Will Courtenay kicked off the 2000 year of the Men’s Series with a very comprehensive visit on men’s health that evolved into a longer-term research project to collect data on men’s health at SJU and to determine ways to use that data to change the normative behavior of men. SJU hired a health educator, Lori Klapperich, to direct that project, write grants, and do other work on educating men. Also in the Men’s Series, Terry Kupers presented on men and feminism and specifically talked about men in prison. He also spent some time working with the St John’s prison ministry group. In March 2001, Sam Femiano, clinical psychologist in private practice in Massachusetts, talked about men and spirituality from his experience in a monastic community and spoke in the monastery as well as to our students.

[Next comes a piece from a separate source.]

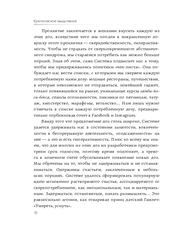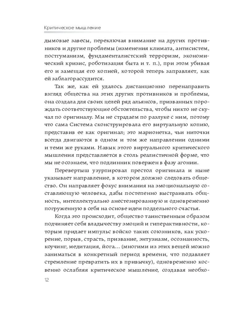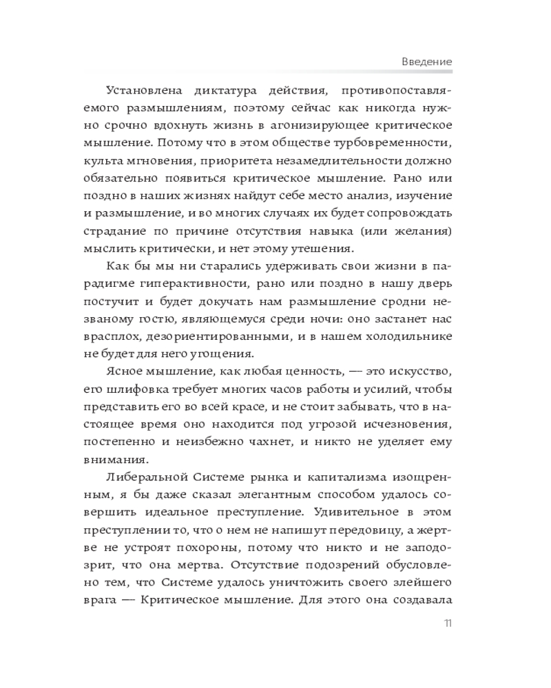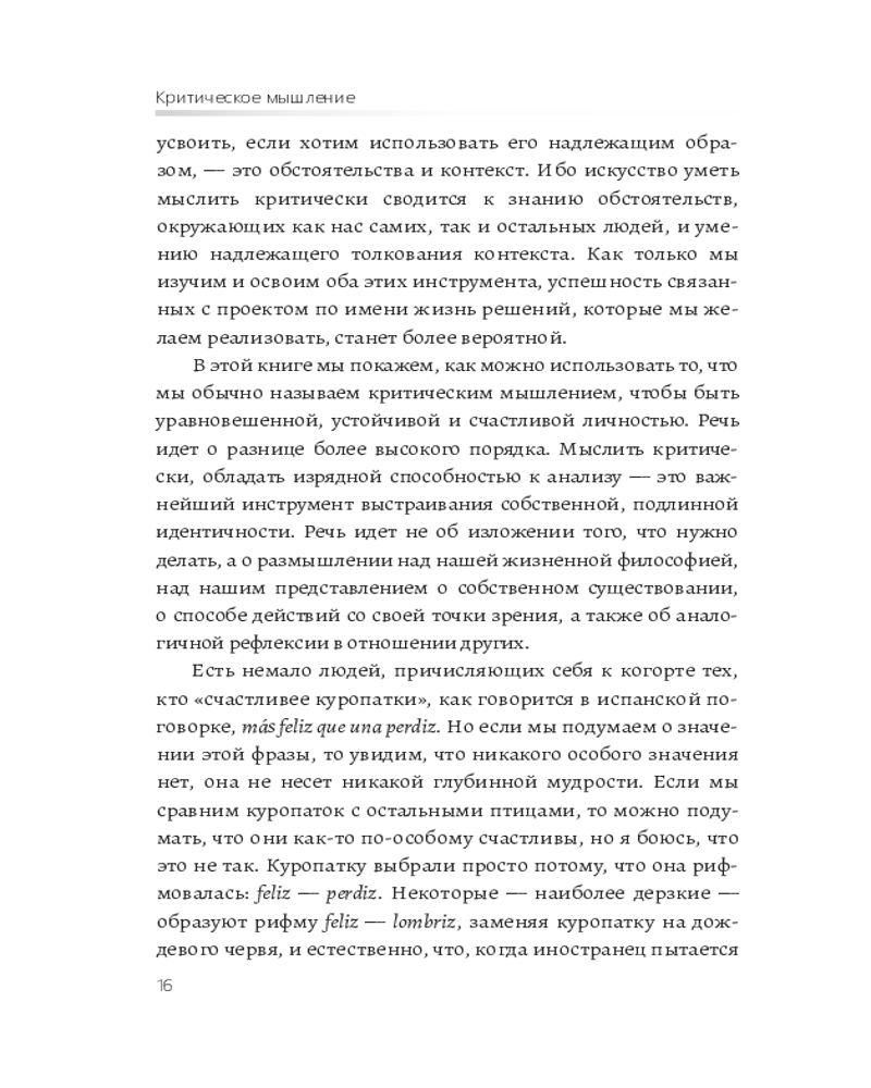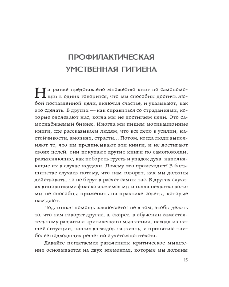 💳 Оплатить за товар можно при получении 🇰🇿 Есть бесплатная доставка по Казахстану от 1 дня 🎁 Копите бонусы с каждой покупки Серия: Психология Существует огромное множество книг по самопомощи. В одних говорится, что мы способны достичь любой цели, которую ставим перед собой, в том числе безграничного счастья, и они рассказывают, как это сделать. Другие пытаются облегчить страдания, которые на нас обрушиваются, когда мы не достигаем такой цели. Тем не менее подлинная помощь заключается не в том, чтобы бездумно выполнять чужие рекомендации, а в том, чтобы научиться самим критически мыслить и принимать решения с учетом конкретной ситуации и своего мировоззрения. Потому что искусство мышления напрямую зависит от окружающих нас обстоятельств и надлежащего толкования контекста. Как только мы освоим оба этих инструмента, эффективность наших решений и задач существенно повысится. |

Co-curriculum review was also initiated this year and the question of the role of gender education in core courses is now a matter of official discussion. With encouragement from the Parent Committee, planning has begun to develop a father/son event to complement the mother/son dance and father/daughter event. There has also been a men’s enrollment task force meeting over the past several years to particularly address the issues of men’s enrollment at SJU. It obviously has been a very successful activity as the current enrollment situation at SJU has never looked so good and admissions is now closing applications in the winter and creating a long waiting list of students, many of whom do not get in. SJU has capped its enrollment, as has CSB, and has continued to raise the ACT and SAT profile for students, making it a more selective institution.